É exatamente aqui que entram as lacunas axiológicas e ontológicas como solução para o questionamento.

Usando o artigo 475-J como modelo, cujas inovações vieram para dar celeridade e efetividade ao procedimento de execução, estabelecendo curto prazo para pagamento, multa de 10% (dez por cento) pelo inadimplemento, entre outras facilidades, tem-se que a execução trabalhista prevista nos artigos 880 a 892 da CLT, foi atingida pela evolução social e pelo progresso técnico do processo civil, mostrando- se injusta a aplicação do art. 769 da CLT, acaso interpretado em sua literalidade.

Essa situação de desvantagem processual trabalhista gera, sem sombra de dúvidas, uma insatisfação para o tutelado e uma injustiça não mais aceita em sede de constitucionalização de direitos.

Para o preenchimento da lacuna ontológica e axiológica do art. 769 da CLT, busca-se esteio na nova hermenêutica constitucional que possibilita uma releitura de todo o ordenamento jurídico a partir de seus princípios e da irradiação de suas normas. Se não mais vigora o objetivo de outrora da cláusula de contenção aqui referida, estando o processo civil munido de procedimentos que agilizam e auxiliam a solução rápida e efetiva dos conflitos, justificada está, por exemplo, a aplicação do art. 475-J no processo do trabalho.
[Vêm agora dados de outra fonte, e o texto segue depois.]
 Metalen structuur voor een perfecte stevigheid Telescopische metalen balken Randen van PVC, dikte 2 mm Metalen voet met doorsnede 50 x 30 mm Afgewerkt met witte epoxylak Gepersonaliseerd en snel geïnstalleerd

Destarte, deve operador do direito ter a percepção de que a existência de uma norma, de um procedimento previsto em lei, não basta para alcançar a justiça da decisão. É preciso verificar se a rigidez procedimental praticada sob o manto protetor da legalidade não está eivada de técnica ultrapassada e em descompasso com a realidade do direito material que se busca. A mera técnica já não tem mais espaço no instrumentalismo e, menos ainda, no formalismo-valorativo, principalmente quando a aplicação literal da lei se choca com os direitos fundamentais previsto na Constituição Federal.
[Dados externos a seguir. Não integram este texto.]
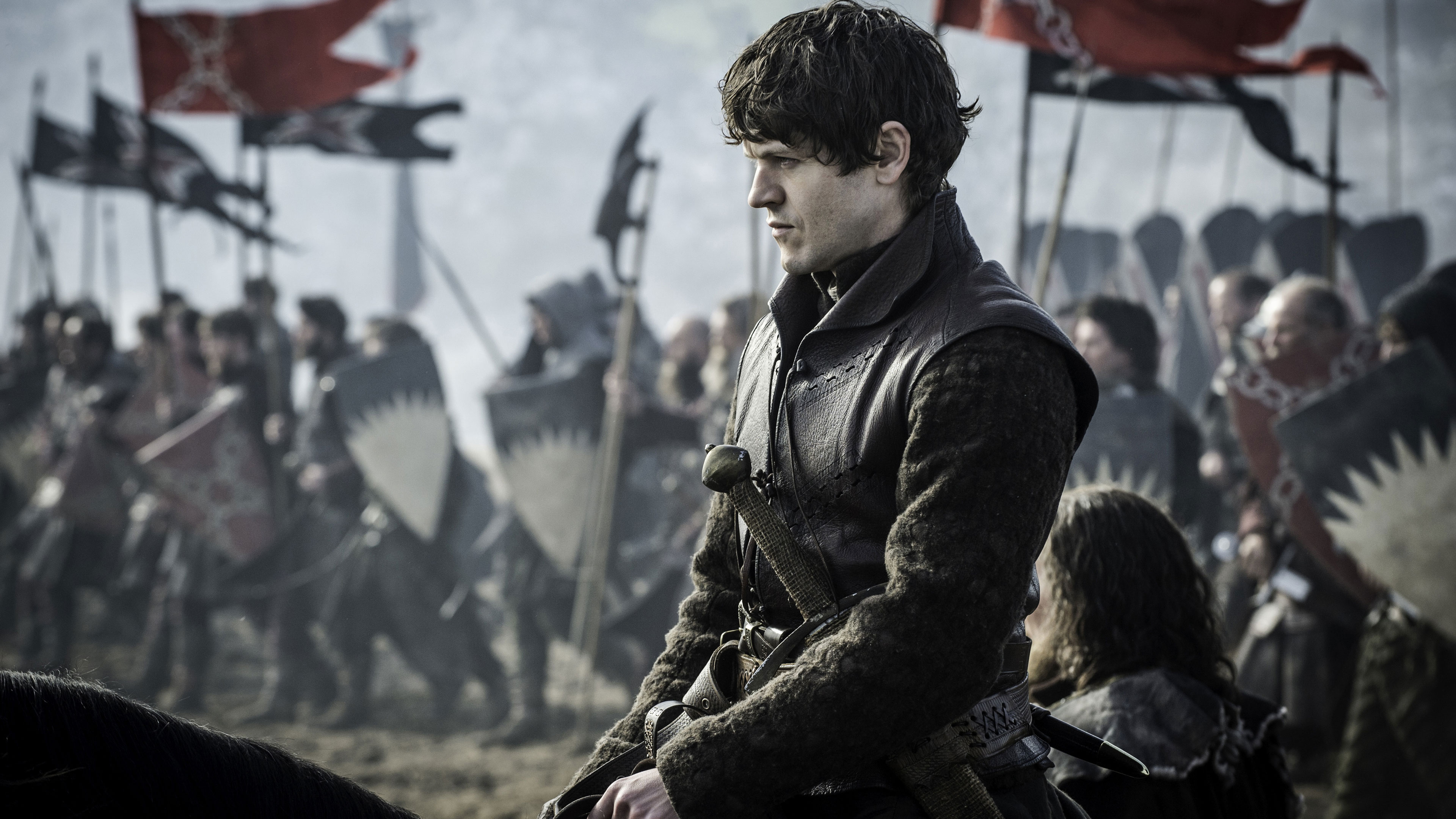 Description: A man on a horse in front of a crowd of people with flags in the background of a battle.

É nesse sentido que as lacunas podem servir como meio de flexibização procedimental. Deparando-se o juiz com um procedimento oco, desprovido de um sentido teleológico, não estará ele obrigado a seguir, deverendo buscar o preenchimento da lacuna axiológica ou ontológica por meio de outro procedimento que possibilite a sua adequação e atinja o escopo processual, sem ferir o princípio da segurança jurídica, conferindo efetividade e alcançando a justiça da decisão.